I straightened my clothes, wiped the sweat from my brow one more time and then turned and walked off the mat. One of the hardest walks of my life, knowing that every single eye was on me.
But once I reached the bathroom, my bravado crumbled.
‘Shit,’ I whispered as the tears started to come. I tried to blink them away, tilting my head up, trying to fight the gravitational pull, while a strange feeling rose inside me. The feeling was impossible to understand, a mixture of triumph, horror and something else. Accompanying it was a physical feeling of nausea every time I replayed that awful snapping sound in my head. I retched over the sink, but nothing came out. I stared at myself in the mirror. Red face, glossy eyes, tear-stained cheeks. No one could ever see me like this. No one.

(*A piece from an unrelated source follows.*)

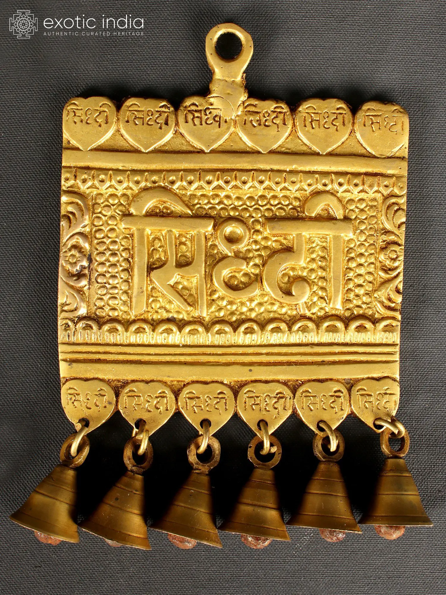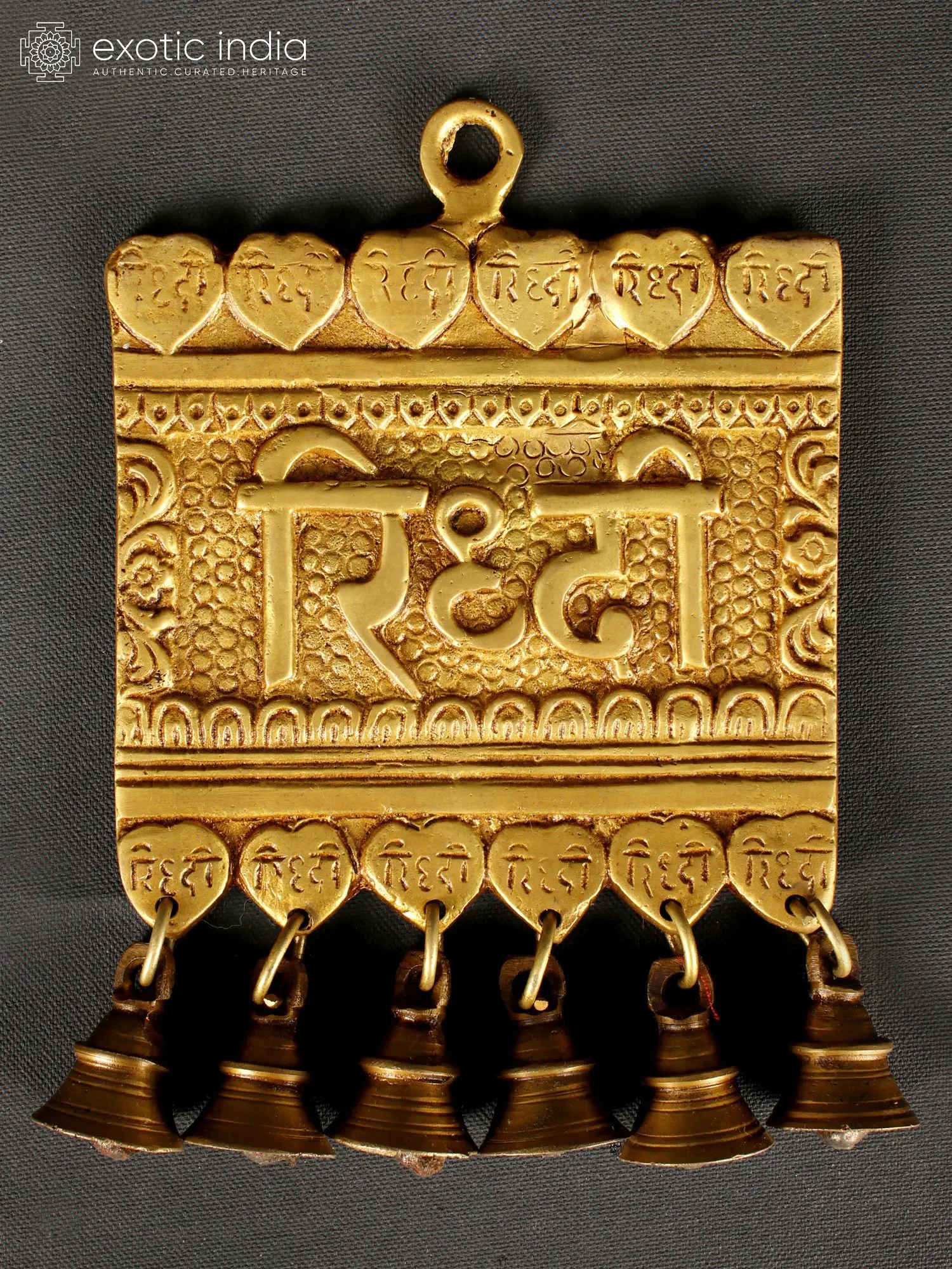 Lord Ganesha's consorts are the Goddesses Riddhi (wealth and prosperity) and Siddhi (intellectual and spiritual powers). Whoever pleases Ganesha is also blessed by Siddhi and Riddhi. This wall hanging brings together the Dharak, or bearers of Shubh (good) and Labh (gain). The brass wall hanging is fashioned in the shape of square panels with Riddhi and Siddhi inscribed on them. The square panels are adorned with bells. The brass bells that accompany it lend a melodious touch. This wall hanging is heavenly and attractive, giving blessings and beauty to any environment.

Because the second they did, it would be over.
That was the thing about being the only woman in a room full of men. You had to earn your place and prove you deserved to be there more than anyone else. And if that meant I had to break someone’s finger, then I guess that was what I was going to have to do.
I knew the second she had me in that hold that she could break something, and I also knew that the only way to avoid that was by tapping out.
And I could’ve tapped, stood up, made a joke about it – something that would have made all the guys laugh but also left them wondering if she could really have done it.
But I saw her face. She needed this, and for some reason I didn’t understand, I wanted to give it to her.
So I didn’t tap.
I let her break my finger that day.
Truth was, I’d probably let her break every one of them if it meant watching her win like that again.
CHAPTER 27
My day of aesthetic torture finally came to an end. I’d sent Philly photos throughout the horrific ordeal, of my nails being done and my hair highlighted, and then some selfies as I modelled several pairs of revolting-looking sunglasses. She’d found it wildly amusing, my ‘Cinderella moment’. I, however, didn’t see the humour in it.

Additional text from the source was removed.